A bleachfield or bleaching green was an open area used for spreading cloth on the ground to be purified and whitened by the action of the sunlight. Bleaching fields were usually found in and around mill towns in Great Britain and were an integral part of textile manufacture during the British Industrial Revolution.

When cloth-making was still a home-based occupation, the bleachfields could be found on Scottish crofts and English farm fields. Just as wool needed fulling and flax needed retting, so did the semi-finished fabrics need space and time outdoors to bleach. In the 18th century there were many linen bleachfields in Scotland, particularly in Perthshire, Renfrewshire, in the Scottish Lowlands, and the outskirts of Glasgow. By the 1760s, linen manufacture became a major industry in Scotland, second only to agriculture. For instance, in 1782 alone, Perthshire produced 1700000 yard of linen, worth £81,000 (£ as of ).
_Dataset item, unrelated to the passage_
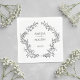 Simple Floral Frame Black and White Paper Wedding Napkins. Celebrate your special day with these elegant wedding paper napkins, beautifully adorned with a delicate floral wreath. The design features a sophisticated script for the couple's names, enclosed within a charming hand-drawn botanical foliage hand drawn style illustration. Below the names, your custom wedding date is elegantly displayed. These napkins add a touch of timeless romance and natural beauty to any wedding reception, perfectly complementing a garden, rustic, or classic wedding theme. Make your celebration unforgettable with these exquisite details. Perfect for the bar area or the dessert or appetizer table.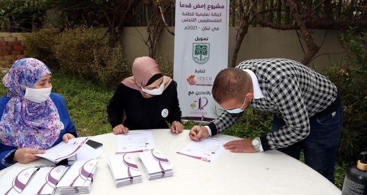 بتمويل كريم من الصندوق العربي للإنماء الاقتصادي والاجتماعي قدمت مؤسسة إيسكو وجمعية صلة منحاً دراسية لـ100 طالبة وطالبة من اللاجئين الفلسطينيين في لبنان من ذوي الأسر المتعففة، ضمن مشروع إمضِ قدماً، كما وأقامت حفلاً تكريمياً لهم تضمن كلمة لمؤسسة صلة وإيسكو وكلمة الطالبة المستفيدة من المشروع آية..

Bleachfields were also common in northern England; for instance, the name of the town of Whitefield, on the outskirts of Manchester, is thought to derive from the medieval bleachfields used by Flemish settlers.

Bleachfields became redundant after Charles Tennant developed a bleaching powder based on chlorine, which permitted year-round processing of fabric indoors, but many of the factories continued to be called bleachfields.

A bleachfield is similar to, but should not be confused with, a tenterground. Bleachfields were a popular subject for Dutch painters in the 17th century. One of the stained glass windows made by Stephen Adam for the Maryhill Burgh Halls in 1878 shows linen bleachers at work.